[[ LISTED RECORDS open ]]

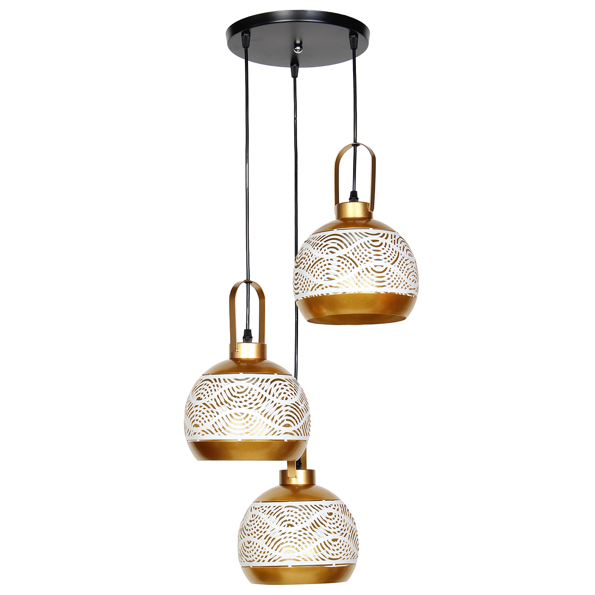 Φωτιστικό μεταλλικό κρεμαστό άνισο 3 Χ Ε27 Φ23 εκ. Λευκό – Χρυσό - KESKOR 526818
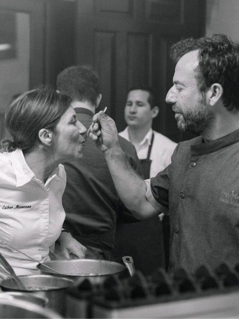 Los hermanos Manzano, Nacho y Esther, son los talentosos chefs y gestores detrás de Casa Marcial, un prestigioso restaurante con dos estrellas Michelin ubicado en Asturias. Casa Marcial se encuentra en Arriondas, en el pueblo de La Salgar, y es reconocido por su cocina asturiana contemporánea, que combina tradición y vanguardia, utilizando productos locales y técnicas innovadoras. Nacho es el chef principal de Casa Marcial y uno de los cocineros más respetados de España. Empezó a trabajar en la cocina desde que era casi un niño, inspirado por su madre y su abuela, y con el tiempo fue perfeccionando su estilo y técnica. A lo largo de los años, Nacho ha logrado construir una propuesta culinaria que reinterpreta los platos tradicionales asturianos, como la fabada o el arroz con pitu de caleya —el «pollo de camino» que daba sabor a las comidas en las fiestas de guardar—, dándoles un giro moderno y sofisticado sin perder el respeto por sus raíces.
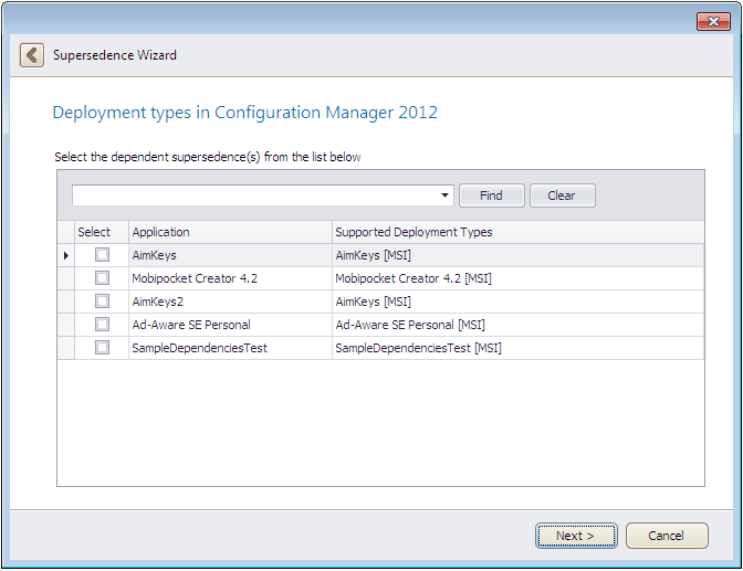 On the Deployment Types in Configuration Manager 2012 panel, select dependent supersedences from the list of applications from Configuration Manager 2012.
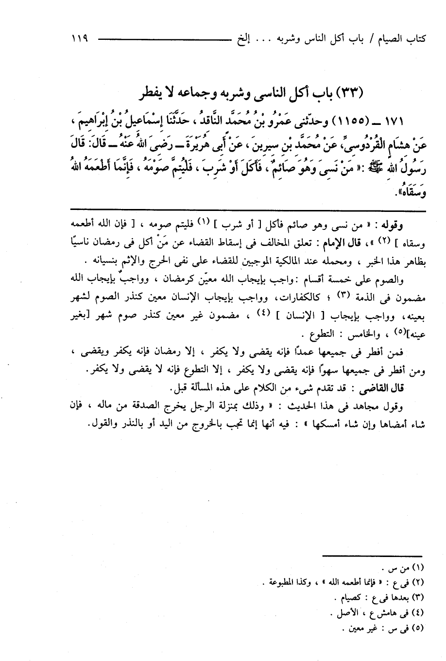 (33) باب أكل الناسى وشربه وجماعه لا يفطر
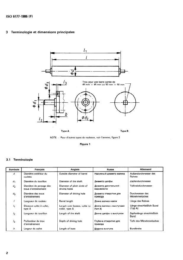 - Designation format: specifies the sequence of information required in a roller designation: name, ISO reference, roller type (e.g., Type A, Type B), outside diameter, roller length, and collar-to-collar distance (type A). Example: “Rouleau magasin ISO 6177 - A - 100 x 2 000 x 2 010”.
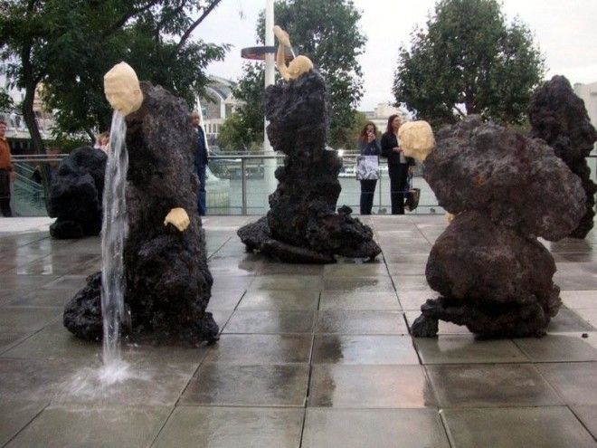 Брутальные статуи шестерых людей, будто вмурованные в камни. Они стоят в странных позах и извергают струи воды из самых неожиданных мест: ноздрей, подмышек, ртов. Скульптуры находятся перед Королевским фестивальным залом на южном берегу Темзы.
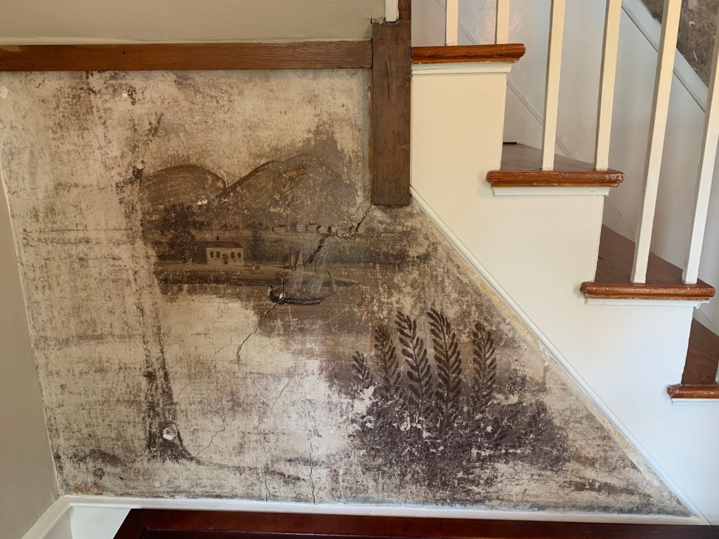 One of our favorite things about this house, besides the family that lives there, are remnants of the Rufus Porter murals that still adorn the staircase walls. (Porter was an American painter, inventor and the founder of Scientific American magazine, which is still in print today.)
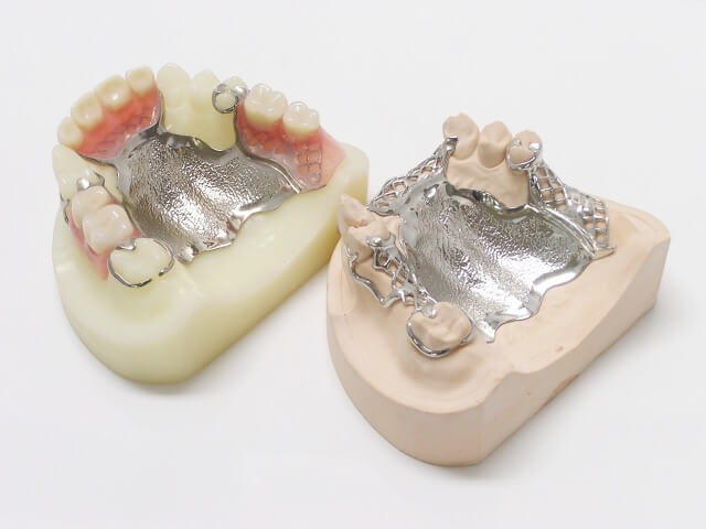 入れ歯の床の部分が、金属で出来た入れ歯で、プラスチックのものよりも床部分が薄くつくれるため発音がしやすく、装着した際の違和感も少なくて済みます。
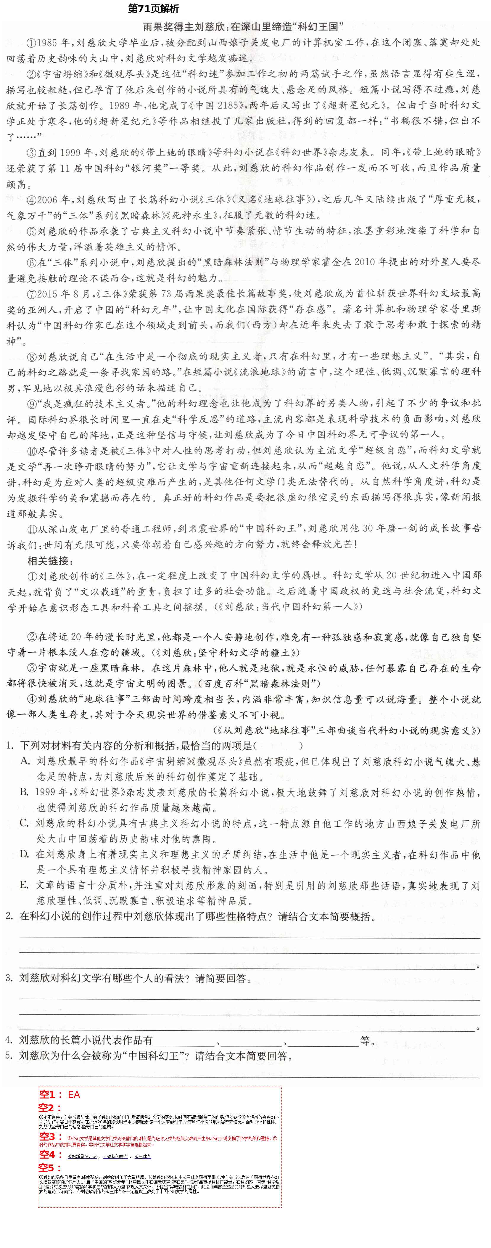 注:目前有些书本章节名称可能整理的还不是很完善,但都是按照顺序排列的,请同学们按照顺序仔细查找。练习册 2021年中学生世界七年级语文人教版54制 答案主要是用来给同学们做完题方便对答案用的,请勿直接抄袭。

[[ LISTED RECORDS closed ]]

EXERCISE
Pictures do not belong in the copy. Repeat exactly each line from the one with "(33) باب أكل الناسى وشربه وجماعه لا يفطر" through the end of the listing.

RESPONSE
 (33) باب أكل الناسى وشربه وجماعه لا يفطر
 - Designation format: specifies the sequence of information required in a roller designation: name, ISO reference, roller type (e.g., Type A, Type B), outside diameter, roller length, and collar-to-collar distance (type A). Example: “Rouleau magasin ISO 6177 - A - 100 x 2 000 x 2 010”.
 Брутальные статуи шестерых людей, будто вмурованные в камни. Они стоят в странных позах и извергают струи воды из самых неожиданных мест: ноздрей, подмышек, ртов. Скульптуры находятся перед Королевским фестивальным залом на южном берегу Темзы.
 One of our favorite things about this house, besides the family that lives there, are remnants of the Rufus Porter murals that still adorn the staircase walls. (Porter was an American painter, inventor and the founder of Scientific American magazine, which is still in print today.)
 入れ歯の床の部分が、金属で出来た入れ歯で、プラスチックのものよりも床部分が薄くつくれるため発音がしやすく、装着した際の違和感も少なくて済みます。
 注:目前有些书本章节名称可能整理的还不是很完善,但都是按照顺序排列的,请同学们按照顺序仔细查找。练习册 2021年中学生世界七年级语文人教版54制 答案主要是用来给同学们做完题方便对答案用的,请勿直接抄袭。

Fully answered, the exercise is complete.